At my school, we gave our AP Statistics students a final assignment (notice I don’t quite say assessment) to help them prepare for the 2013 AP Statistics exam on May 10.  This was not an attempt to replicate an actual AP exam in the traditional sense. We didn’t want to.  We really wanted to incentivize students to sit down, quietly prepare at an individual level, and synthesize what they learned this year in a quiet, focused environment.

What we did:

• We used old  AP questions, but concealed how/where I got the questions. I retyped, changed numbers / context when possible.  I strongly advise against teachers using a single AP exam as a tool for summative assessment.  The answers are out there and easily found with minimal effort.  At our school we are very transparent about how to go to AP central and find practice questions and rubrics.  So if we use real AP questions as a source, we mix questions up, conceal how / where  we got them, change  real AP questions into questions “inspired by AP.”
• Students were given 5 class periods to complete the 40 MC questions, 5 FR questions, and one investigative task. This is 225 minutes: 45 minutes more than a typical exam.
• Students were able to bring in one 8.5 x 11 inch paper with any HAND-WRITTEN notes. This had to be brought in on the first day of the assignment, and could not leave the classroom for the rest of the week.
• Students also could not bring the assignment home:  All work was done individually in the classroom.  Students were allowed to discuss with others, but not “get answers.”  They could also “look up”  topics /. concepts/ other problems that might lead to insight. But nothing could be brought into the classroom after the fist day.
• This was worth 10% of their course grade.  We will give formative feedback using rubrics from the AP. Grades will be assigned to their work. AP score equivalents will inform but not dictate, how we assign grades to students’ work.

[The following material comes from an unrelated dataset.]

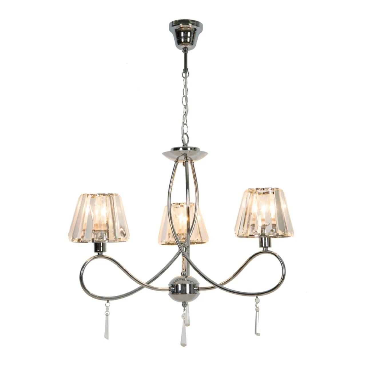 Baza lampy została wykonana z metalu, podobnie fantazyjnie wygięte ramiona. Całość wieńczą półprzejrzyste, ozdobne klosze. Po zapaleniu lampy światło ozdabia sufit i ściany urokliwymi refleksami dopełniając wystroju wnętrza pod kątem estetycznym.

Below is a log of “common errors” from the first two  FR questions I gave them.

Question 1:  Students had to explain how to estimate a median value from a histogram,  compare two groups by a analyzing a quantitative variable in context,  and explain the relationship between a mean and a median in skewed and symmetric distributions. The topic : Teacher/ Pupil ratios in each state.  States were grouped by Western and Eastern.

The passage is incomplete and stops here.